Again, Jesse made seven of his sons to pass before Samuel. And Samuel said unto Jesse, The Lord hath not chosen these. And Samuel said unto Jesse, Are here all thy children? And Jesse said, There remaineth yet the youngest, and behold, he keepeth the sheep. And Samuel said unto Jesse, send and fetch him: for we will not sit down till he come hither.
"And Jesse sent, and brought him in. Now the youth was ruddy, and withal of a beautiful countenance, and goodly to look to. And the
Lord said, Arise, anoint him: for this is he. Then Samuel took the horn of oil, and anointed him in the midst of his brethren: and the Spirit of the Lord came upon David from that day forward. So Samuel rose up, and went to Ramah."
Anoint. To anoint a priest or king, was to pour a fragrant oil over his head, and to entreat the blessing of God upon the anointed person. The priests and kings of the Israelites, were sometimes called the "Lord's anointed."

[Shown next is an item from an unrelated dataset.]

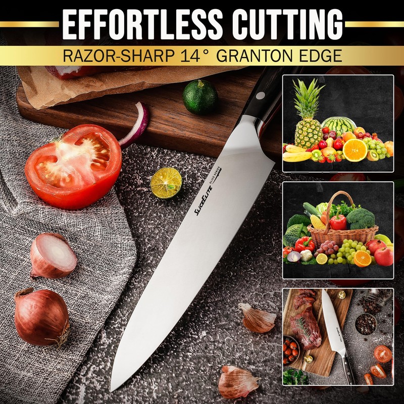 - ✅ PREMIUM HIGH CARBON GERMAN STEEL – Forged from 1.4116 high carbon German steel, this chef knife offers razor-sharp precision, durability, and exceptional edge retention for professional-grade performance.

Sanctify. To make holy.-Do not come to the Lord's service, with worldly or wicked thoughts, nor with soiled hands, and unclean garments-make yourselves fit to hold communion with a holy God-raise your thoughts to him, and prepare your hearts for what he shall be pleased to communicate to you. Such was the meaning of the injunction, "Sanctify yourselves," which Samuel uttered to Jesse and his sons. We ought now to sanctify ourselves, when we attend the worship of God.
Sacrifice.--An offering of some animal, or of fruits, or flowers, accompanied with prayers to God.
David, after he had been anointed king, returned to the care of his flocks, but he was soon called into the presence of king Saul. David was a poet and a musician. Those beautiful poems, the Psalms of the English bible, were composed by David, in the Hebrew lan
guage; and sung sometimes in the worship of the Israelites; and sometimes by the divine poet alone, accompanied by the harp-a stringed instrument, known to the ancients.
Saul was disturbed in mind, "an evil spirit from the Lord troubled him," he was afflicted, and nothing but music could calm his agitation.
"And Saul's servants said unto him, Behold new, an evil spirit from God troubleth thee. Let our lord now command thy servants, who are before thee, to seek out a man who is a cunning player on a harp: and it shall come to pass, when the evil spirit from God is upon thee, that he shall play with his hand, and thou shalt be well.
"And Saul said unto his servants, Provide me now a man that can play well, and bring him to me. Then answered one of the servants, and said, Behold, I have seen a son of Jesse the Bethlehemite, that is cunning at playing, and a mighty valiant man of war, and prudent in matters, and a comely person, and the Lord is with him.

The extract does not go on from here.